(ATTENTION: CECI EST UN POST DECONSEILLE AUX MOINS DE 16 ANS)

 

Bonsoir à tous,

Trois euros. Pas un centime de plus. C'est le prix qu'il m'aura fallu acquitter pour ramener chez moi le dvd dont je vais vous parler aujourd'hui. C'est que les bacs des soldes cachent parfois quelques pépites ignorées. Dont The horseman. Retenez ce titre: si vous avez le coeur bien accroché, ce pourrait être votre bombe ciné de ce début d'année.

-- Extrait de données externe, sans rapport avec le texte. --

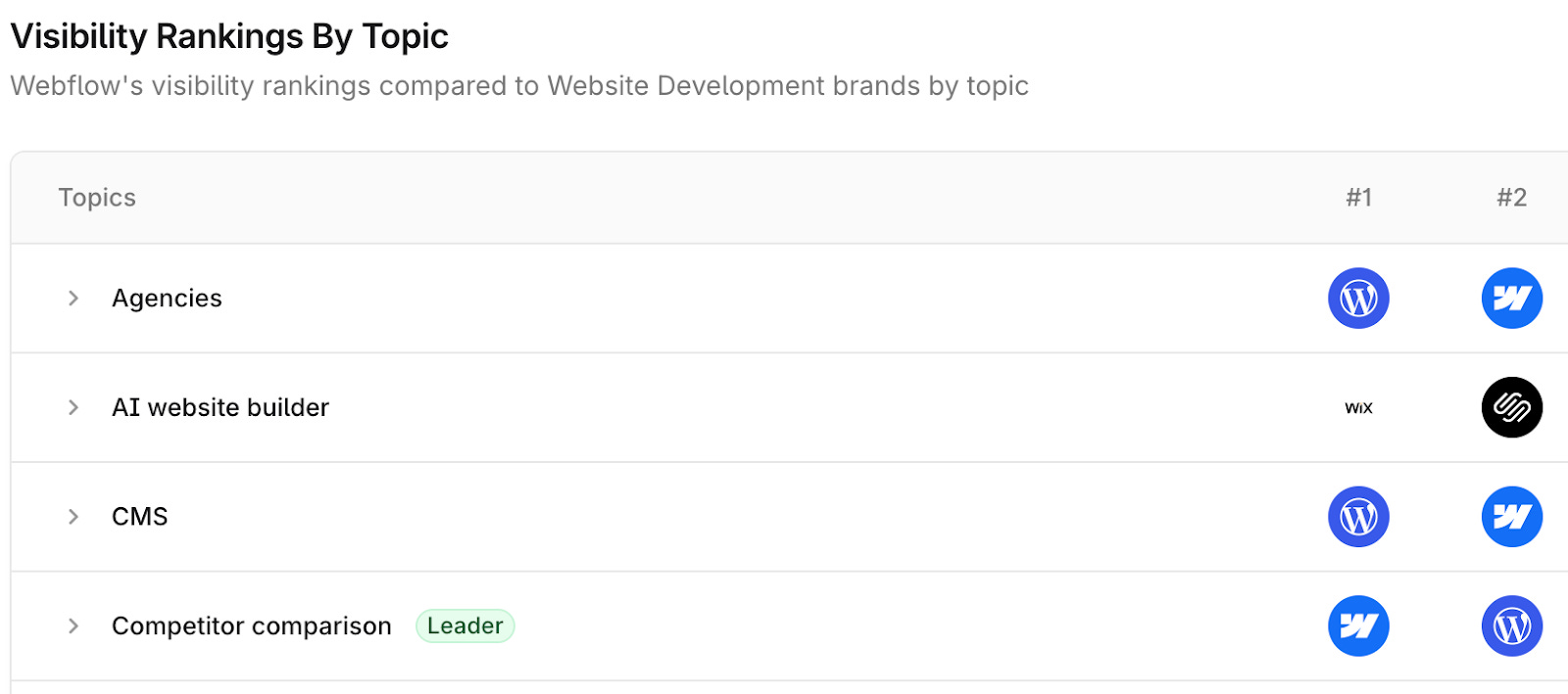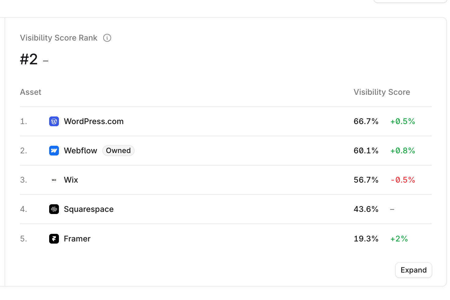 Despite only 1.2% CMS market share, we appear in ~60% of AI-generated answers in our category.

Lorsque j'ai pris en main la boîte, rien ne distinguait pourtant cette pelloche du magma de séries B et Z qui sont d'ordinaire indissociables de ce genre d'offres promotionnelles. J'aurais pu passer à côté, aisément. Sauf que voilà, trois euros, c'est un prix qui m'a incité à regarder d'un peu plus près cette affaire de vengeance aveugle, comme l'indiquait la jaquette. Jaquette dont je notais au passage le kitsch peu engageant : on y voit un gaillard au visage tuméfié de face, avec une baraque en flammes à l'arrière-plan. Surtout, le titre est surplombé d'une sentence bêtifiante au possible :

          Il ne peut pas ramener sa fille à la vie. Mais il peut envoyer ses tueurs en enfer".

Une ânerie sans nom, qui aura au moins le mérite de démontrer que les gars qui ont réalisé ce packaging n'ont sans doute pas vu le film ou, pire, rien compris à son propos. Je soupçonne d'ailleurs que c'est cette incompréhension de départ qui a valu au film une diffusion confidentielle dans l'hexagone. 

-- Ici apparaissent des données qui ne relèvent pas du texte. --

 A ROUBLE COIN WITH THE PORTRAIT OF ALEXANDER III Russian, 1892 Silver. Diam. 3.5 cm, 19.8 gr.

Toujours est-il qu'un bref examen de cette bébête boiboîte est venu me sussurer à l'oreille qu'il serait malgré tout peut-être judicieux de se laisser tenter : The horseman a en effet remporté le prix du meilleur film et celui du meilleur réalisateur au festival du film underground de Melbourne. Il a aussi glâné les prix du meilleur acteur et de la meilleure actrice à A night of horror festival Australie 2010. Pas nécessairement les rendez-vous cinéphiles les plus connus de ce côté-ci de l'hémisphère, mais sachez qu'il y a là la promesse d'un bon film bien déviant comme je les adore. Pour suivre un peu ce qui se passe du côté du cinéma australien, je sais en effet que la nouvelle génération de réalisateurs qui prend doucement les rènes là-bas aime le travail bien fait et entend proposer du cinéma même dans les productions au budget le plus limité. De fait, vous pourrez ne pas aimer un film australien. Mais il est extrêmement rare qu'une production de ce pays puisse être critiquée au niveau de ses qualités techniques.

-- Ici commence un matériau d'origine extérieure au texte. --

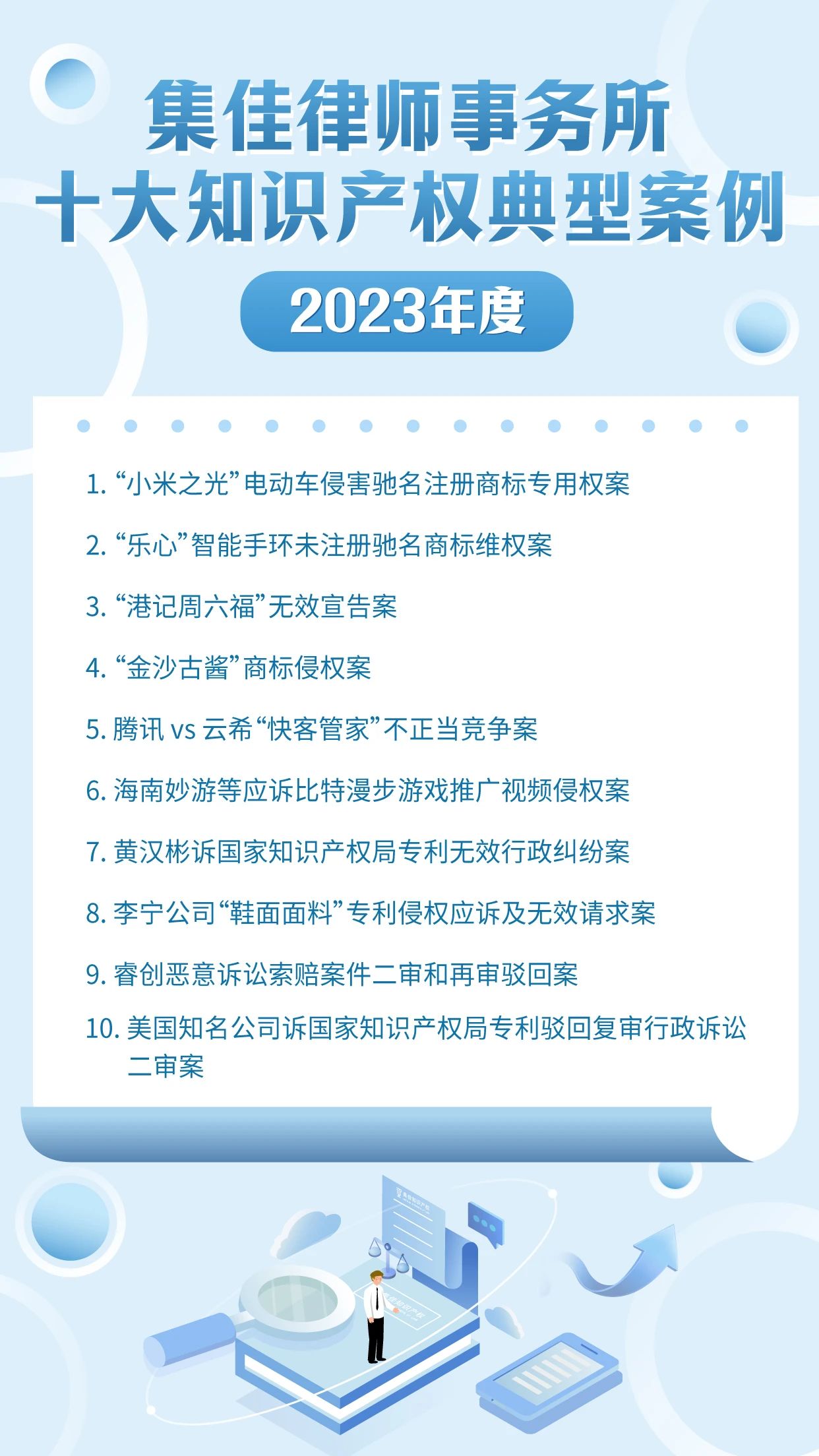 作为迎接4.26世界知识产权日的献礼之一,球探体育即时比分比分已连续十年开展十大知识产权典型案例的评选活动,其意义不仅在于展现集佳律师团队的专业能力和水准,更在于传递集佳全方位服务客户的理念。在第24个世界知识产权日来临之际,球探体育即时比分比分从2023年度代理的众多知识产权案件中筛选出具有代表性的十大案例,与各界同仁分享:

The horseman sort visiblement de ce moule. Son réalisateur, Steven Kastrissios, n'a pour l'heure que ce long métrage à son actif, mais il y témoigne déjà de sa filiation avec ce cinéma de l'outback qui a accouché de Wolf Creek, Primal ou The loved ones, trois pelloches que je vous recommande d'ailleurs chaudement. Vous aimez frisonner devant les rednecks, les pourris de la pire espèce, le cradasse et la fange de l'humanité ? The horseman plonge dedans tête la première, et y maintient le spectateur en apnée, scotché, heurté, les poings serrés non pas face aux atrocités qui s'enchaînent à l'écran, mais parce que l'on souffre avec le principal protagoniste de ce qui constitue autant un "revenge movie" qu'un drame social et familial totalement désespéré.

The horseman, c'est l'histoire de Christian, un père qui se retrouve un jour confronté au pire: la mort de sa fille. Le sordide, tout de suite: la police ne lui épargne rien, son enfant est morte étouffée dans son vomi, consécutif à une overdose d'héroïne. Du sperme frais a également retrouvé dans son corps, ce qui laisse supposer que quelqu'un était présent au moment de son décès. Bientôt, ce père en perdition reçoit un courrier: une cassette vidéo dans laquelle il découvre sa fille tournant dans un film porno. Visiblement shootée, visiblement abusée par des porcs qui prennent leur pied. La folie meurtrière peut commencer.

La suite est moins stéréotypée qu'on pourrait le croire. Un savant jeu de flash-backs et une photo presque documentaire viennent donner au long métrage une personnalité pour le moins singulière. Cela, et un choix assumé de tourner sur des teintes presque monochromes. Ces partis-prix viennent intelligemment souligner que c'est le désespoir, plus que la colère, qui meut le père. D'ailleurs, The horseman, tout en plongeant progessivement dans les abîmes du porn - et plus profond encore - interroge incessamment la légitimité de l'action de son principal protagoniste. Il n'élude pas non plus - quoique l'abordant très subtilement - la question de la propre responsabilité familiale qui a poussé la jeune victime entre les mains  de ses bourreaux. Et pose, frontalement, la thématique de la responsabilité de la société dans cette affaire. Sans emploi, sans avenir, la jeunesse d'aujourd'hui en est parfois réduite au pire. 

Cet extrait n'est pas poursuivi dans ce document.